#### [WHAT TO PRODUCE]
Strip the pictures and reproduce the rest of the listing exactly.

#### [EXERCISE DATA]
- - - - -

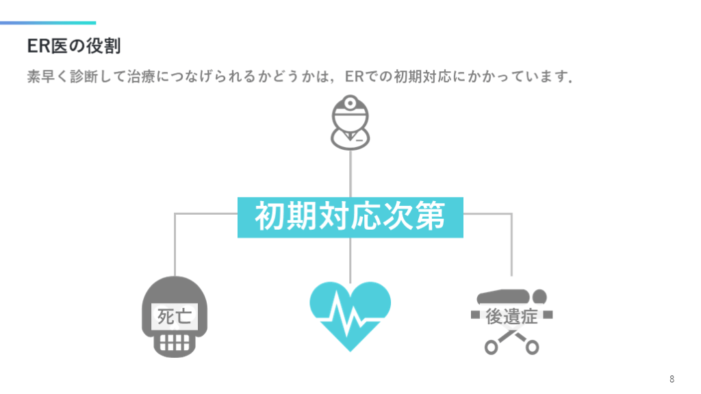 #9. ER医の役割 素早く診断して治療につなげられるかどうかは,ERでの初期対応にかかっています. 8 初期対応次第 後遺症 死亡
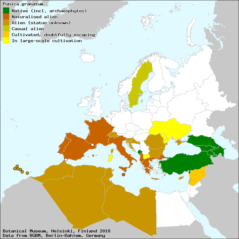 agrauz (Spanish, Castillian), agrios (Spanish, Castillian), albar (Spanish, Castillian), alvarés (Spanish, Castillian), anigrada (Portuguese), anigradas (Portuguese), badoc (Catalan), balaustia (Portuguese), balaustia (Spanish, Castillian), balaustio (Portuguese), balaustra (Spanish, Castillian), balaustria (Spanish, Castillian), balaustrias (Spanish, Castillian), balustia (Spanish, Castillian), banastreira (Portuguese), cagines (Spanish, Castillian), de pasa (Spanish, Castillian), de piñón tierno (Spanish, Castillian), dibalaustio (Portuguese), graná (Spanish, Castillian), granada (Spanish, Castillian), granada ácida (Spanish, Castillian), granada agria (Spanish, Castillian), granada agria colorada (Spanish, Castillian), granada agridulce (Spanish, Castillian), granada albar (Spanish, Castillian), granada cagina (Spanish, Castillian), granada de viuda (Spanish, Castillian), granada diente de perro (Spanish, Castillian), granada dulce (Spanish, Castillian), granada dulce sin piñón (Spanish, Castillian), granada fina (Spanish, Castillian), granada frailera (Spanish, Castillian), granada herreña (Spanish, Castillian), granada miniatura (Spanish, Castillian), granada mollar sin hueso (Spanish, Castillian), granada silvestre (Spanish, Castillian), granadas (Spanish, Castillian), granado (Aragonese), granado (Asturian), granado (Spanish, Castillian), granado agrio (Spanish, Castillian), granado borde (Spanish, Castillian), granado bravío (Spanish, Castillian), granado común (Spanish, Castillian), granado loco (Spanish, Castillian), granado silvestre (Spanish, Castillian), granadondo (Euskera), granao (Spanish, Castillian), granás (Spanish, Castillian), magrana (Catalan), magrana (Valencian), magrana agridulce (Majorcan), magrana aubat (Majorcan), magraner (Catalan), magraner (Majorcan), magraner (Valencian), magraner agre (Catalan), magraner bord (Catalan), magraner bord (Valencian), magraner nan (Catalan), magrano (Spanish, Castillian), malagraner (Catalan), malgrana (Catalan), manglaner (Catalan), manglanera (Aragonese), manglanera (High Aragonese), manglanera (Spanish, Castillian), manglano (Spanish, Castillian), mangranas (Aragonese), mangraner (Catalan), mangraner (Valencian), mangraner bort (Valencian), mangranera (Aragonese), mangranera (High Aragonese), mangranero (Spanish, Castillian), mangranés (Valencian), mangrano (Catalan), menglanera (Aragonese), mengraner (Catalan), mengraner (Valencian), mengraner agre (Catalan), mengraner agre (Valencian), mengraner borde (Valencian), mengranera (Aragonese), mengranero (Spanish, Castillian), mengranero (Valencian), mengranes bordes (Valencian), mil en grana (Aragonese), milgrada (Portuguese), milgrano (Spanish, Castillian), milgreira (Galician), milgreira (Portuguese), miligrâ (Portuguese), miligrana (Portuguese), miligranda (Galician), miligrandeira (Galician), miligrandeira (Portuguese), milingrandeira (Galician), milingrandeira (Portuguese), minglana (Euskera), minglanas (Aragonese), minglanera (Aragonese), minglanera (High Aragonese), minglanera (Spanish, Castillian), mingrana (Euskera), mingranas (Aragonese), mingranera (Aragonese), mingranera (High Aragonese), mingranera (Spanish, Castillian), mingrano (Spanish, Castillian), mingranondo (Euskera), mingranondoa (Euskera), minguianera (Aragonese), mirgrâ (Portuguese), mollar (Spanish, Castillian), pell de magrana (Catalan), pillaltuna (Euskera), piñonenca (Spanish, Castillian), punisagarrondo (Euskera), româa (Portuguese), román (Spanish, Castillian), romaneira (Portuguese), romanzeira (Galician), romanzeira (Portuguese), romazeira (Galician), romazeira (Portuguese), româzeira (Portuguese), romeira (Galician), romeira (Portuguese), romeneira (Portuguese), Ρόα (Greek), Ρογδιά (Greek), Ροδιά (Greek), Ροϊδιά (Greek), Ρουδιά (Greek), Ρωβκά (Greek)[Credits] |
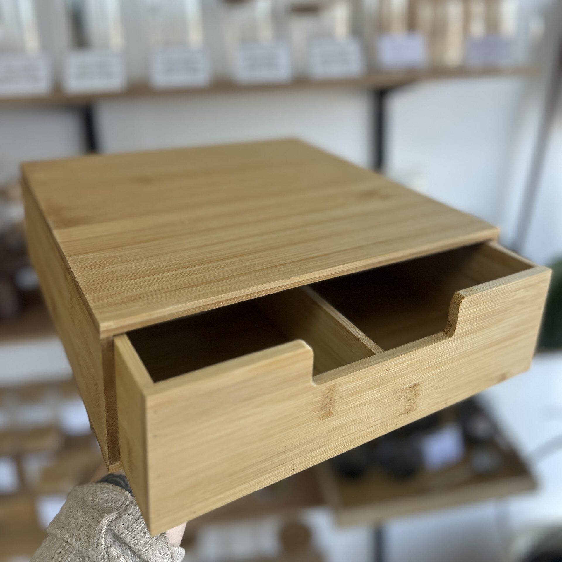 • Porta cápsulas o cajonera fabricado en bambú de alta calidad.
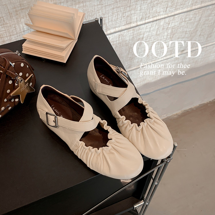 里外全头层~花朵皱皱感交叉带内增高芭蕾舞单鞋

- - - - -

#### [EXERCISE OUTPUT]
 #9. ER医の役割 素早く診断して治療につなげられるかどうかは,ERでの初期対応にかかっています. 8 初期対応次第 後遺症 死亡
 agrauz (Spanish, Castillian), agrios (Spanish, Castillian), albar (Spanish, Castillian), alvarés (Spanish, Castillian), anigrada (Portuguese), anigradas (Portuguese), badoc (Catalan), balaustia (Portuguese), balaustia (Spanish, Castillian), balaustio (Portuguese), balaustra (Spanish, Castillian), balaustria (Spanish, Castillian), balaustrias (Spanish, Castillian), balustia (Spanish, Castillian), banastreira (Portuguese), cagines (Spanish, Castillian), de pasa (Spanish, Castillian), de piñón tierno (Spanish, Castillian), dibalaustio (Portuguese), graná (Spanish, Castillian), granada (Spanish, Castillian), granada ácida (Spanish, Castillian), granada agria (Spanish, Castillian), granada agria colorada (Spanish, Castillian), granada agridulce (Spanish, Castillian), granada albar (Spanish, Castillian), granada cagina (Spanish, Castillian), granada de viuda (Spanish, Castillian), granada diente de perro (Spanish, Castillian), granada dulce (Spanish, Castillian), granada dulce sin piñón (Spanish, Castillian), granada fina (Spanish, Castillian), granada frailera (Spanish, Castillian), granada herreña (Spanish, Castillian), granada miniatura (Spanish, Castillian), granada mollar sin hueso (Spanish, Castillian), granada silvestre (Spanish, Castillian), granadas (Spanish, Castillian), granado (Aragonese), granado (Asturian), granado (Spanish, Castillian), granado agrio (Spanish, Castillian), granado borde (Spanish, Castillian), granado bravío (Spanish, Castillian), granado común (Spanish, Castillian), granado loco (Spanish, Castillian), granado silvestre (Spanish, Castillian), granadondo (Euskera), granao (Spanish, Castillian), granás (Spanish, Castillian), magrana (Catalan), magrana (Valencian), magrana agridulce (Majorcan), magrana aubat (Majorcan), magraner (Catalan), magraner (Majorcan), magraner (Valencian), magraner agre (Catalan), magraner bord (Catalan), magraner bord (Valencian), magraner nan (Catalan), magrano (Spanish, Castillian), malagraner (Catalan), malgrana (Catalan), manglaner (Catalan), manglanera (Aragonese), manglanera (High Aragonese), manglanera (Spanish, Castillian), manglano (Spanish, Castillian), mangranas (Aragonese), mangraner (Catalan), mangraner (Valencian), mangraner bort (Valencian), mangranera (Aragonese), mangranera (High Aragonese), mangranero (Spanish, Castillian), mangranés (Valencian), mangrano (Catalan), menglanera (Aragonese), mengraner (Catalan), mengraner (Valencian), mengraner agre (Catalan), mengraner agre (Valencian), mengraner borde (Valencian), mengranera (Aragonese), mengranero (Spanish, Castillian), mengranero (Valencian), mengranes bordes (Valencian), mil en grana (Aragonese), milgrada (Portuguese), milgrano (Spanish, Castillian), milgreira (Galician), milgreira (Portuguese), miligrâ (Portuguese), miligrana (Portuguese), miligranda (Galician), miligrandeira (Galician), miligrandeira (Portuguese), milingrandeira (Galician), milingrandeira (Portuguese), minglana (Euskera), minglanas (Aragonese), minglanera (Aragonese), minglanera (High Aragonese), minglanera (Spanish, Castillian), mingrana (Euskera), mingranas (Aragonese), mingranera (Aragonese), mingranera (High Aragonese), mingranera (Spanish, Castillian), mingrano (Spanish, Castillian), mingranondo (Euskera), mingranondoa (Euskera), minguianera (Aragonese), mirgrâ (Portuguese), mollar (Spanish, Castillian), pell de magrana (Catalan), pillaltuna (Euskera), piñonenca (Spanish, Castillian), punisagarrondo (Euskera), româa (Portuguese), román (Spanish, Castillian), romaneira (Portuguese), romanzeira (Galician), romanzeira (Portuguese), romazeira (Galician), romazeira (Portuguese), româzeira (Portuguese), romeira (Galician), romeira (Portuguese), romeneira (Portuguese), Ρόα (Greek), Ρογδιά (Greek), Ροδιά (Greek), Ροϊδιά (Greek), Ρουδιά (Greek), Ρωβκά (Greek)[Credits] |
 • Porta cápsulas o cajonera fabricado en bambú de alta calidad.
 里外全头层~花朵皱皱感交叉带内增高芭蕾舞单鞋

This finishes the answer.